Andrew Zelenka, Principal Consultant, TCS Financial Solutions

What is “T+2”?

In financial markets, T+2 is the acronym for the proposed three-day duration cycle between the day the order is executed (the trade date) and the day payment and the securities typically change hands (the settlement date). This change will reduce one day from the current process. Shortening the settlement cycle affects any entity (retail clients, investment managers, hedge funds, custodians, broker dealers and markets/depositories) that facilitates trading, including settling equities, corporates, municipal bonds and unit investment trusts (UITs) in the U.S. market.

When will T+2 implementation occur?

The tentative timeframe developed by the Industry Steering Comittee (ISC) and the Industry Working Group (IWG) to implement T+2 is Q3 2017. The deadline is contingent on meeting certain milestones,
and a delay at any point may push back the overall implementation for the U.S. The major milestones include:*

What needs to change to achieve T+2 settlement?

Shortening the settlement cycle is likely lead to some changes in market practices – e.g. pre-settlement matching, confirmation and affirmation of client orders as early as possible and, ideally, on trade date, improving matching and settlement efficiency, accelerated clearance of retail funds, managing the potential for increased settlement failure, dealing with late settlements and sequencing deliveries to maximize settlement efficiency. A recent study by Omgeo indicates there is a direct correlation between high same-day affirmation rates and high settlement rates, implying that the processes that come under the microscope are allocation, confirmation, matching and affirmation.

Compressing the time it takes to complete these processes will help; although, without ensuring that systems contain
proper settlement instructions, they may complete a process that inadvertently induces settlement fails or the need to
make settlement into suspense accounts and subsequent post settlement internal transfers. Automating systems to receive, store and enhance deliveries with settlement instructions will help avoid the time-consuming reconciliation process that is ill-afforded in a T+2 world.

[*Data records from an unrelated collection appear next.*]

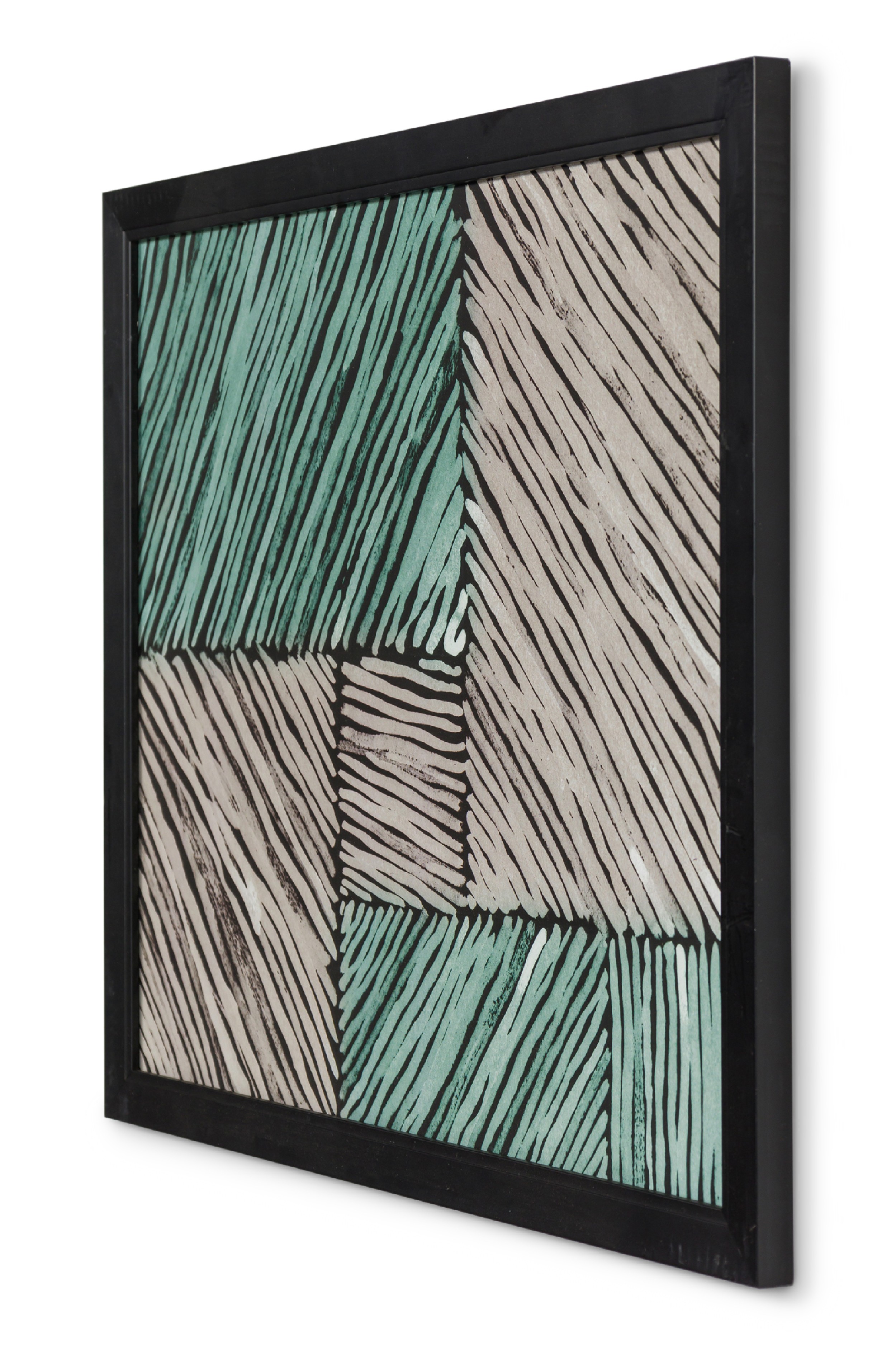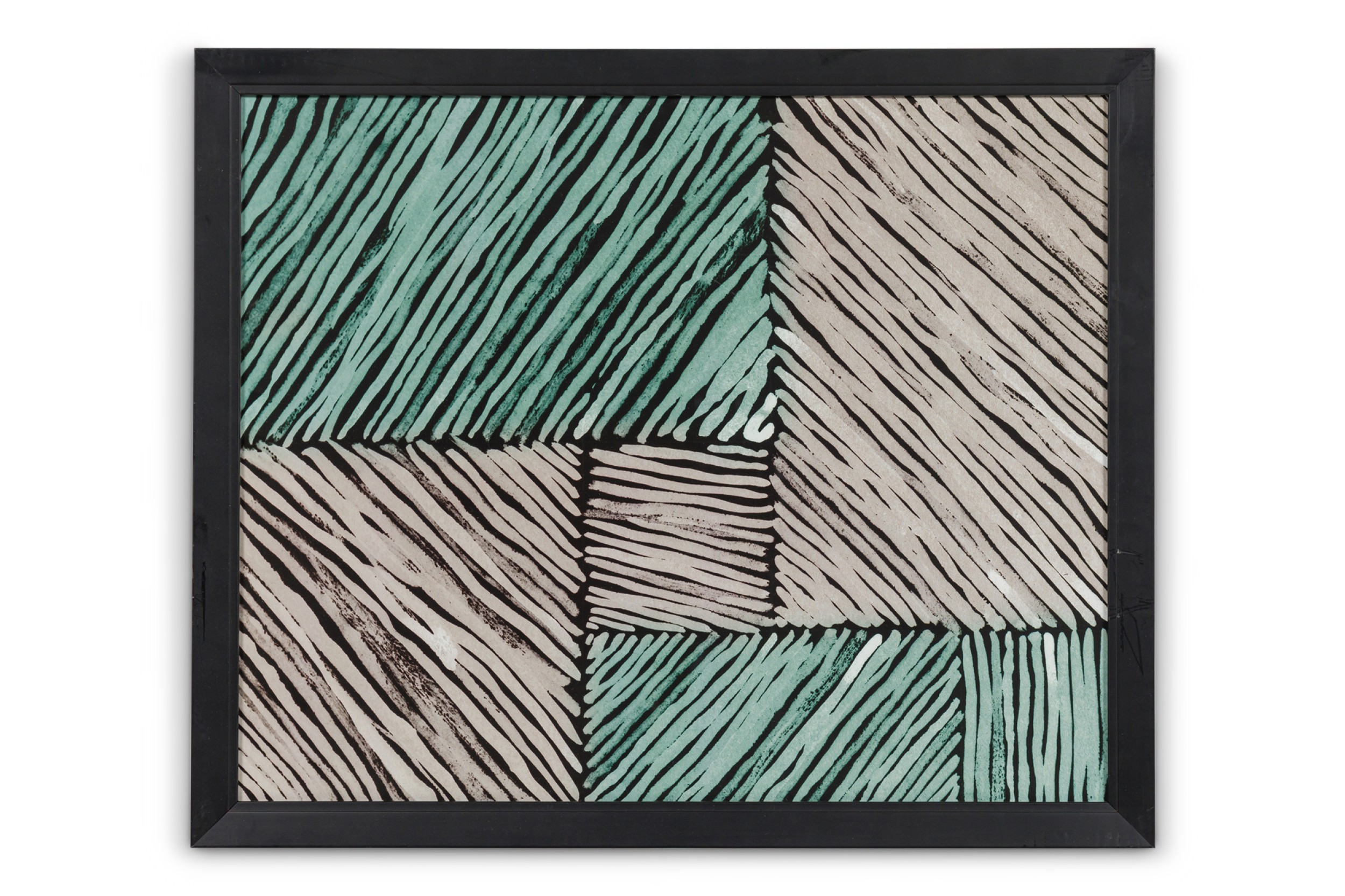 Framed print of an abstract painting composed of overlapping blocks of diagonal lines in green, lavender, and deep blue, rendered in a geometric pattern with expressionist brushwork in a black frame..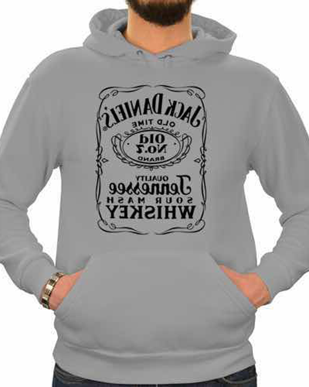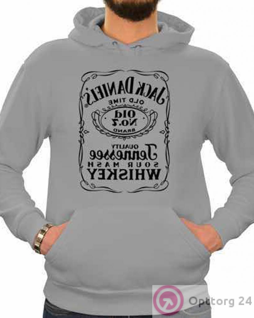 Стильная толстовка с капюшоном, выполнена из качественной ткани серого цвета. Спереди на кофте нанесен принт с надписью Jack Daniels и глубокие карманы-кенкуру. Очень комфортная и теплая толстовка.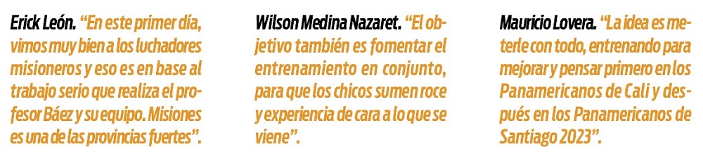 La planificación semanal del campus incluye trabajo en doble turno todos los días hasta el sábado. “El objetivo también es fomentar el entrenamiento en conjunto, para que los chicos sumen roce y experiencia”, recalcó a este Suple el colombiano Wilson Medina Nazaret (38), entrenador nacional en Juveniles, quien no dejó de subrayar las cualidades de Mauri Lovera: “tiene cualidades físicas, fuerza y resistencia. Vamos a trabajar para que pueda atacar constantemente, porque su categoría, lucha libre hasta 65 kilos, es una de las más difíciles, pero la chance de podio siempre está”.

Solution providers and in-house proprietary systems should review their processes against these practices and requirements, ensuring that the technology supports the business and market practices. These systems should be based on messages rather than rely on receipt of files, which inherently induces artificial delays. Similarly, systems should rely on events rather than trigger processes by time, wherever possible. Technology platforms need to optimize processing, ensuring database, application and web server processing is streamlined to process the volume required in compressed timeframes. The technology should support and implement high availability processing, with real time data backup and disaster recovery mechanisms that either support redundant processing with no single point of failure or the ability to quickly switch to backup systems with no loss of transactional data.